Comic book superhero

Spyman is a fictional character, a short-lived comic book superhero published by Harvey Comics' Harvey Thriller imprint in the mid-1960s. He starred in three issues of his own comic, cover-dated September 1966 to February 1967.

Spyman #1 contained the first professional comic book works by Jim Steranko. Steranko created the concept and plotted the first story, but he did not supply any artwork, except the first page splash which includes a diagram of his robot hand. This was one of three concepts Steranko created for Harvey that saw print.

Spyman was secret agent Johnny Chance, who lost his left hand defusing a nuclear bomb. Johnny was an agent of the American spy group LIBERTY, headquartered under the Statue of Liberty. After losing his hand, he would be outfitted with an 'Electro Robot Hand', each finger a different tool/weapon. He would soon be outfitted with a belt with extra fingers with additional uses.

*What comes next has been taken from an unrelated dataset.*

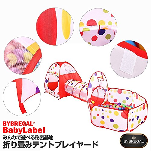 BYBREGAL® BABYLABEL みんなで遊べる秘密基地 折り畳みテントプレイヤード【つなげて遊べる3点セット/収納袋付き/レッド】簡単収納/折りたたみ/軽量/持ち運び/おもちゃ箱/屋外屋内/知育玩具

Chance and LIBERTY fought against MIRAGE (Empire of Guerrilla Assassination, Revenge, and International Menace), led by the Whisperer, who was killed in the first issue, and Chance would go on to fight Cyclops and the Evil Eye Society in the second issue and the Id Machine in the third.

It is unknown who wrote the stories, but it may have been editor Joe Simon. Pencil art was by George Tuska with inking by Dick Ayers, with some inks by Reed Crandall, in the first issue. Ayers inked the second issue, then Bill Draut the third.